# Kicking a ball over a goal post

1. Nov 18, 2012

### tomstringer

1. The problem statement, all variables and given/known data
This problem out of Halliday and Resnick is stumping me. A kicker can kick the ball with an initial velocity of 25 m/sec. The ball is 50 m from a 3.44 m high goal post.

2. Relevant equations

I have the range equation and the Path equations for a trajectory.

3. The attempt at a solution

The Range equation doesn't seem to help since it only will provide me ranges for various angles. I can easily write the parabolic path equation but I can't crack the math that gets me back to two angles (max and min ). y = (tan θ) X - gX^2/2(Vcos θ)^2

2. Nov 18, 2012

### voko

What are you supposed to find? The range for the angle of a kick to go beyond the goal post?

3. Nov 18, 2012

### tomstringer

Sorry. We are asked to find the max and min angles between which the kicker must kick the ball in order to barely clear the goal post.

4. Nov 18, 2012

### voko

"Barely clear" means the ball is just on top of the post. That gives you the end point of the trajectory. What are the relevant equations?

5. Nov 18, 2012

### tomstringer

The end point of the trajectory is the landing point(beyond the goal post) and may be determined with the range equation. But the question is not this--rather it is asking for the maximum and minimum angle the kicker must kick the ball in order to clear the post. We know the hight and distance to the goal post, and we know the initial kick velocity. I have the equation y = (tan θ) X - gX^2/2(Vcos θ)^2, but can't figure out how to solve it for the two angles. Or is there a simpler thing here I'm missing?

6. Nov 18, 2012

### voko

You don't care about whatever happens after the ball clears the post. For the purpose of this problem, this point is the end point.

That said, what you really need is an equation for the angle required to hit (x, y). This could be obtained from the trajectory equation you have, but it might be easier to start from the simpler equations of x and y as functions of time (and the angle/velocity parameters).

7. Nov 18, 2012

### tomstringer

Thanks but in order to get the time parameters one needs to know θ which is the unknown. Also, the two angles in question each give us a flight time that is different. I agree with you that working the path equation backward to find the θ's is hard, but I think this is the only way.

8. Nov 18, 2012

### voko

The equations for x and y depend on time and the angle. You have two equations and two unknowns, so you should be able to find them both.

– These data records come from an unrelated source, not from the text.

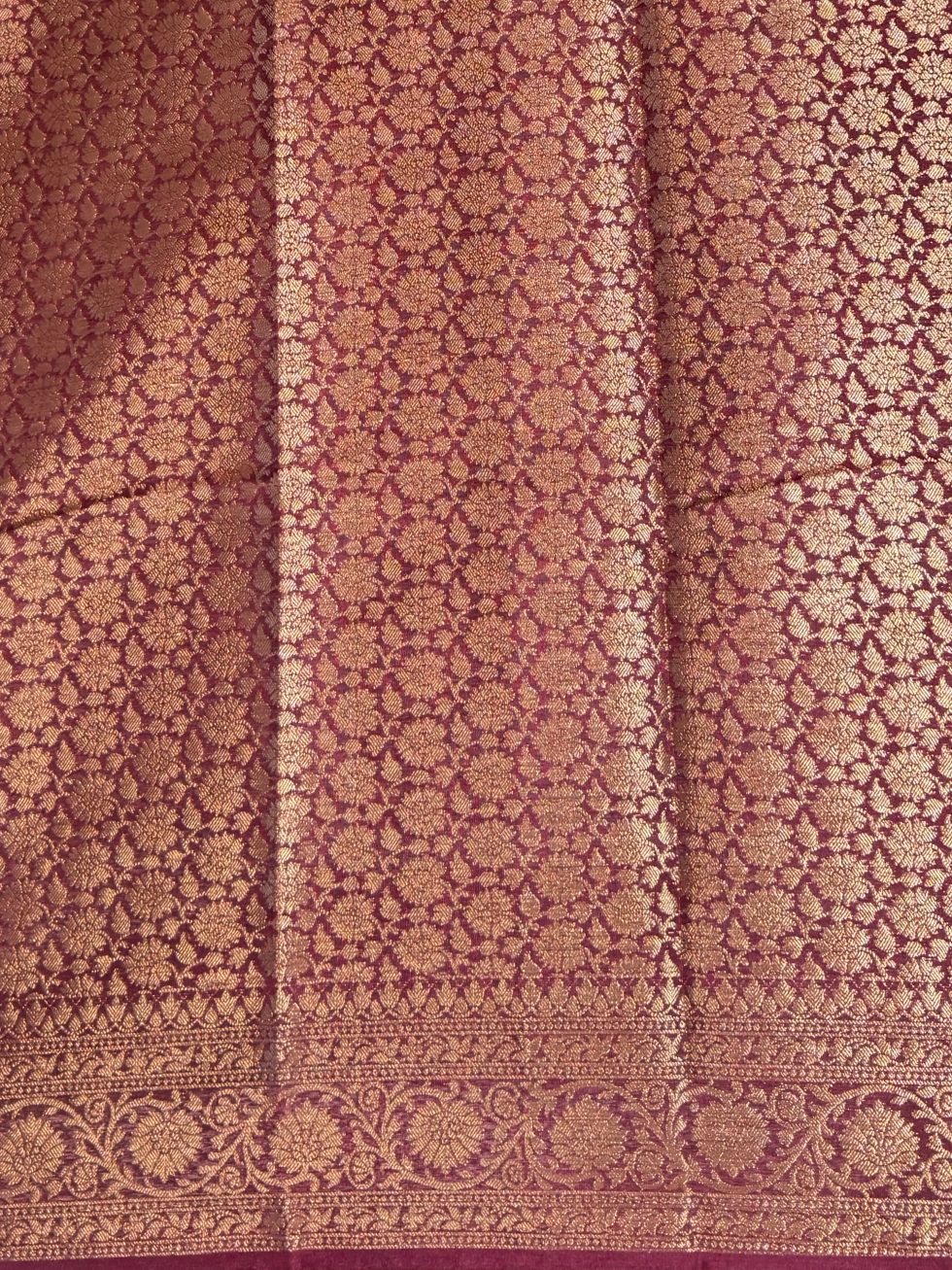 Semi Banarasi Raw Silk Saree In Mustard And Wine With Banarasi Border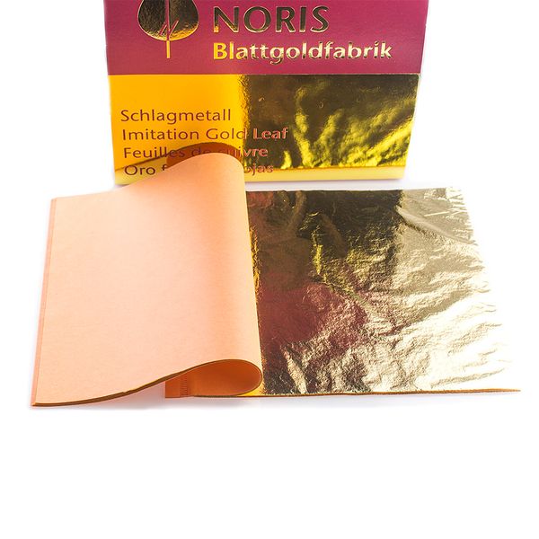 Поталь у книжці 25 листів. Вища якість. Відршзняється від поталі звичайної якості більш високими вимогами до рівномірності тощини листа та єдності кольору між листами. Ідеально пізходить для позолоти пласких поверхонь. Колір золото 2.5, виробник Норіс (Noris) Німеччина, розмір 14 см на 14 см. Купити німецьку золоту поталь за кращою в Україні ціною.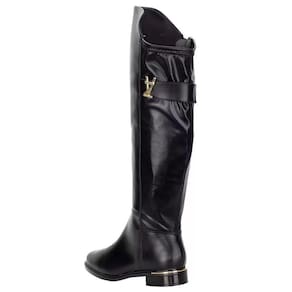 A Bota Feminina Cano Alto Vizzano é confeccionada em Napa Genebra com detalhe em tecido maleável,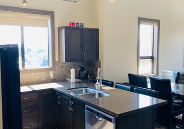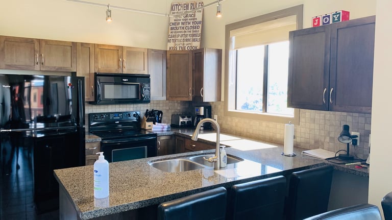 This kitchen comes fully stocked with all the things you would normally use in your own house. The fridge has a water/ice dispenser on the door for quick use. Just bring your food and enjoy.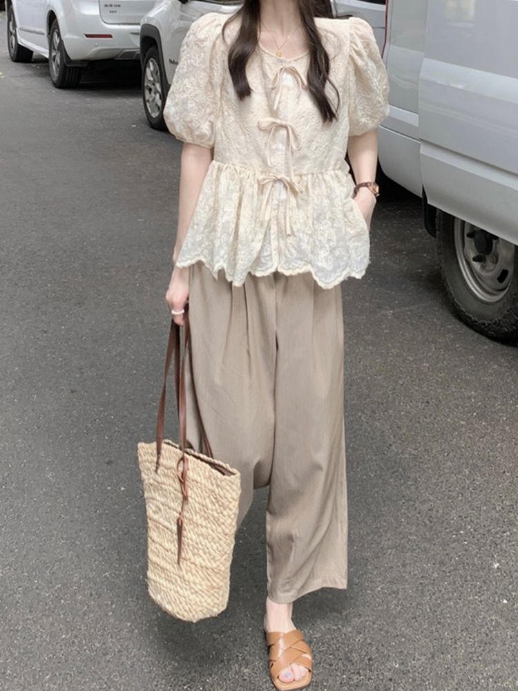 [CD425]제제 블라우스+9부 와이드팬츠 세트
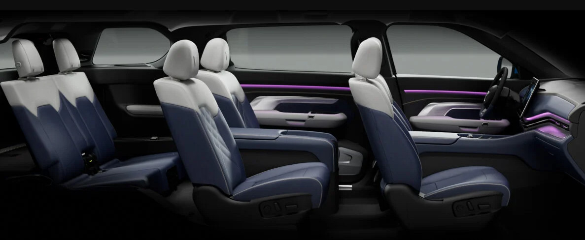 VF 9 có thiết kế nội thất rộng rãi, mềm mại tương ứng với kích thước của xe. Phiên bản Eco có 7 chỗ ngồi, ghế “bench” hàng 2 có 3 chỗ. Bản Plus có thêm 2 lựa chọn: 7 chỗ ngồi với ghế “bench” hàng 2 có 3 chỗ giống bản Eco hoặc 6 chỗ ngồi với hàng ghế thứ 2 tách rời kiểu thương gia.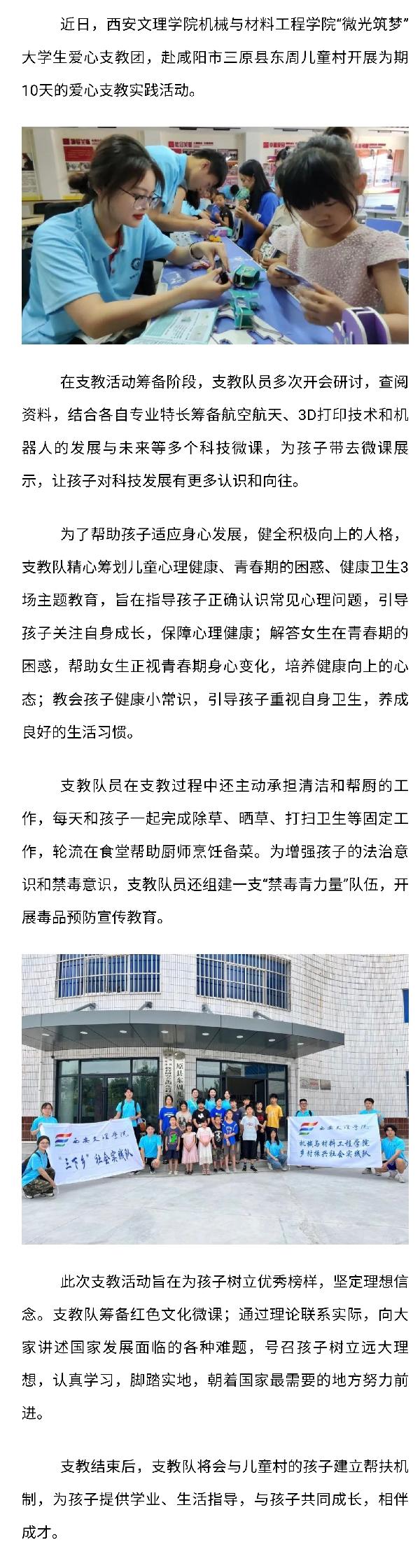 社会实践 | “微光筑梦”——中欧官方网站_中欧(中国)机械与材料工程学院开展爱心支教实践活动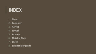The document provides an overview of various artificial and natural fabrics, detailing their sources, textures, maintenance requirements, and typical interior uses. Each fabric, such as nylon, polyester, satin, and wool, is described with specific characteristics that highlight their applications in home furnishings and textiles. Additionally, it includes references for further information on each fabric type.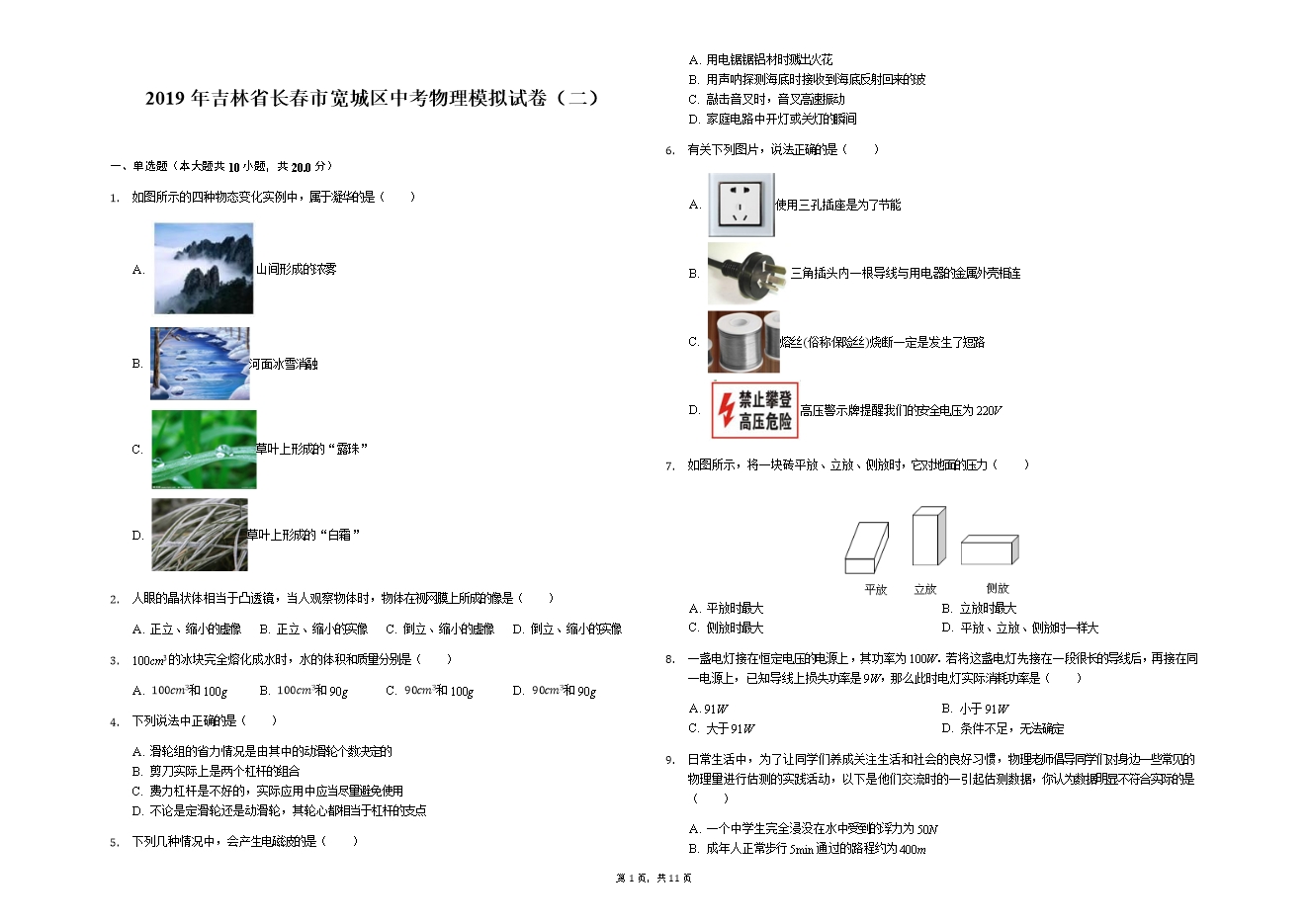 2019年吉林省长春市宽城区中考物理模拟试卷(二)(解析版)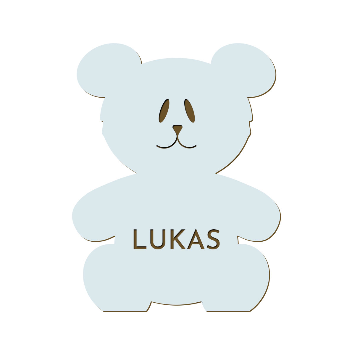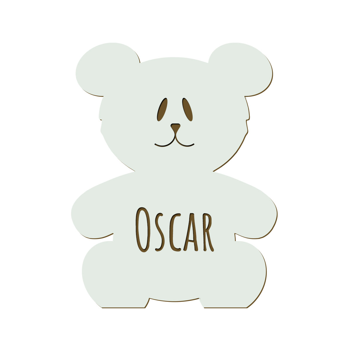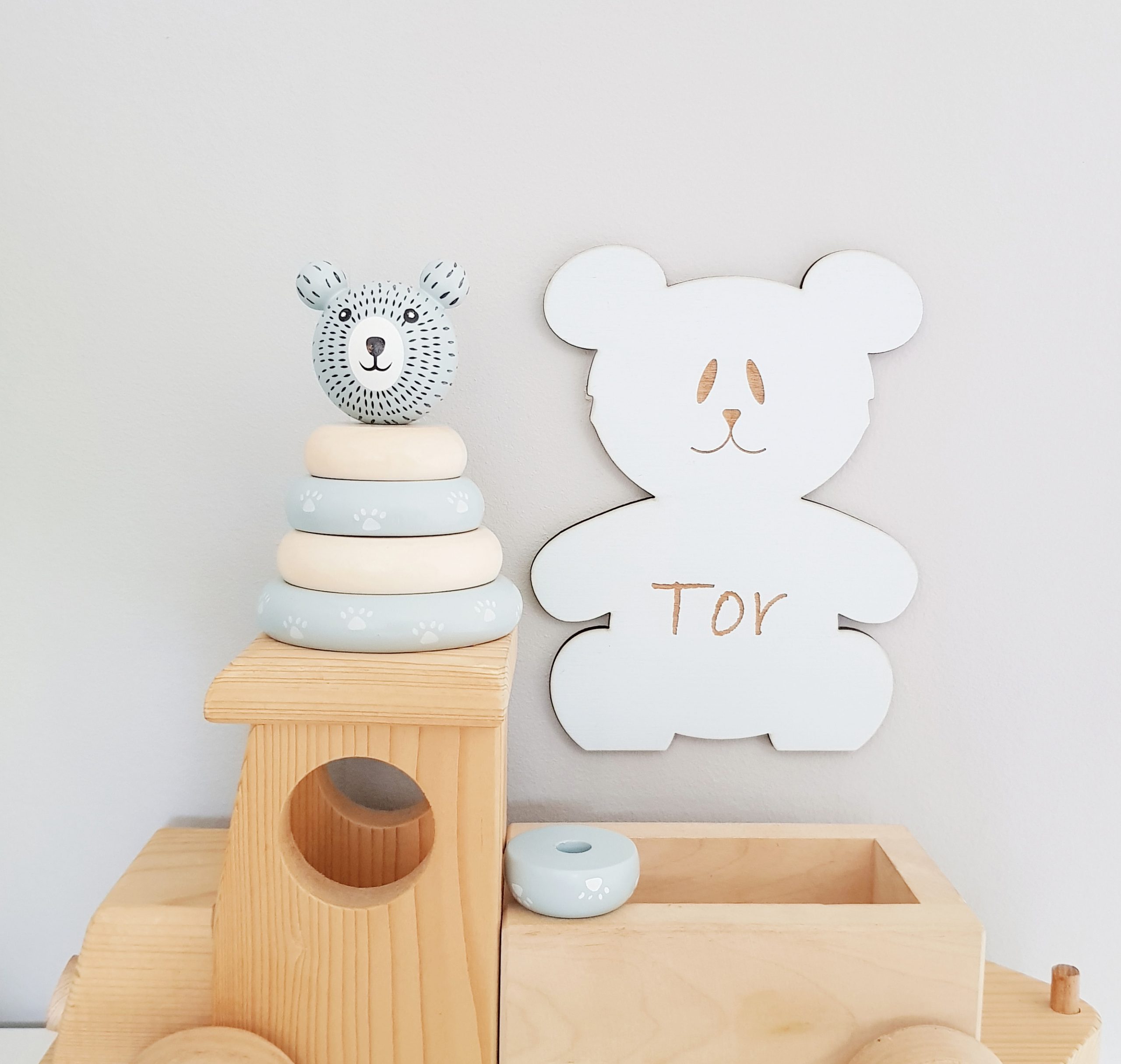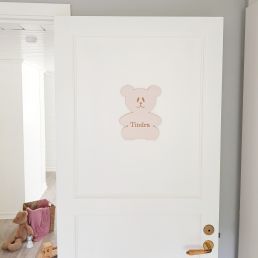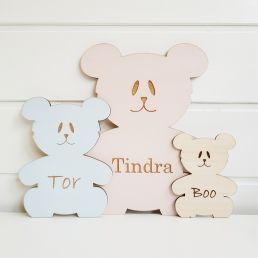 Söt, liten nalle med namngravyr på magen. En personlig skylt i trä som passar att hänga på dörren eller ovanför sängen i barnens rum. Den minsta storleken passar även bra till att märka upp finförvaring och klädkrokar på väggen med.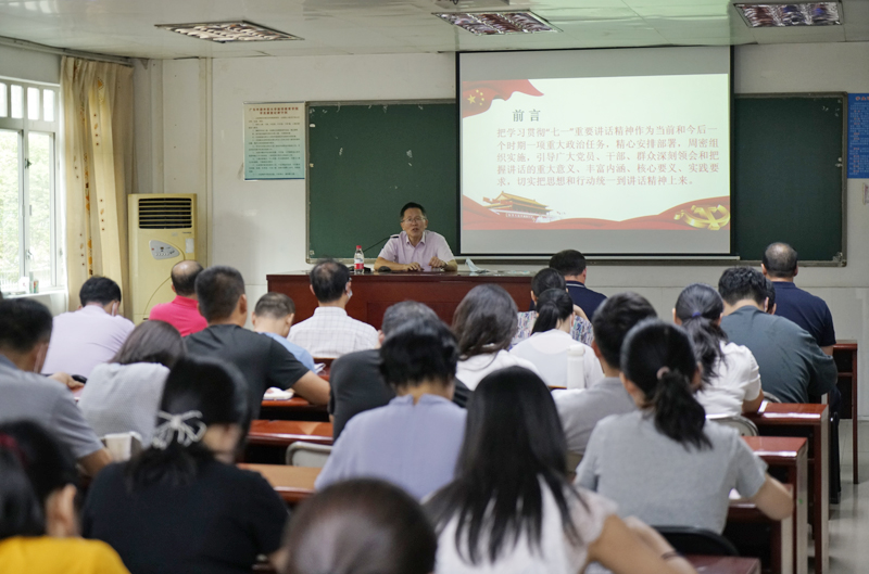 谢迪斌作题为《认真学习“七一”重要讲话奋力推进教育高质量发展》的辅导报告。具体从三方面展开讲解,一是必须把握“七一”重要讲话的主要精神、核心要义和重要观点;二是从教育角度解析“七一”重要讲话,指出教育事业改革发展的原则及方向;三是在教育事业的发展,特别是高等教育事业的发展过程中,我们如何按照习近平总书记的要求,在第二个一百年里坚持“为党育人、为国育才”的基本原则及立德树人的基本方向,联系实际开展各方面的工作。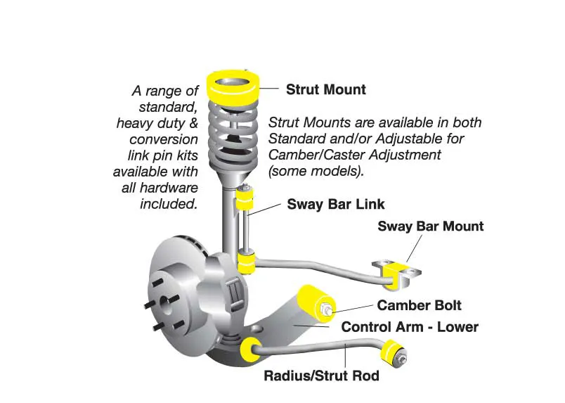 Utilising Whiteline's advanced synthetic elastomer bushings with core characteristics ensuring superior elasticity, memory and outright durability induce positive steering precision and feedback

If you really want to use the trajectory's equation, here is what you can do. Express the cosine via the tangent, or vice versa. Then let the cosine (or tangent) be the unknown variable. You will have an equation for that variable. Solve it. The do the arccos (or arctan) to get the angles. I recommend that you keep x, y and v in the symbolic form till the end, then plug the numbers in.

9. Nov 18, 2012

### tomstringer

We have D = VT or 50 = Tcos theta for the horizontal and 1/2gT2 sin theta for the vertical components, but while the horizontal motion equation could provide us with T, the vertical equation does not because the apogees of the two parabolic paths are not relevant to the question. I will work on your suggestion for the soln of the trajectory equation and thanks much. And even if I solve it and obtain an angle( say the lower angle for the kick) how do I find the larger angle that would also get the ball over the goal?

10. Nov 18, 2012

### voko

The equation of the vertical displacement is a simple equation for uniformly accelerated motion; it would equally provide you with T. Then you could equate those T's from the h. and v. equations, and get an equation for the angle.

The equation you will eventually get for the angle will be quadratic. There will be at most two solutions. There is no range of angles: there are either exactly one angle, or two, or none at all.

11. Nov 18, 2012

### tomstringer

Right. The vertical displacement is simply T x (V sin theta) - gT^2 and this works for so many problems of this sort, but not this one. P.S. tan and cos don't like eachother well enough to make this work so far as I can tell.

12. Nov 18, 2012

### voko

Vertical displacement DOES work for this problem. In the end, the ball has to travel vertically to be just on top of the post. And it has to travel horizontally to be just there and then, too.

Tan = sin/cos, and squared sin plus squared cos equals one. You can go from here.

13. Nov 18, 2012

### tomstringer

Thanks voko, I got it! Boy was I stuck on stupid. Thanks for being patient.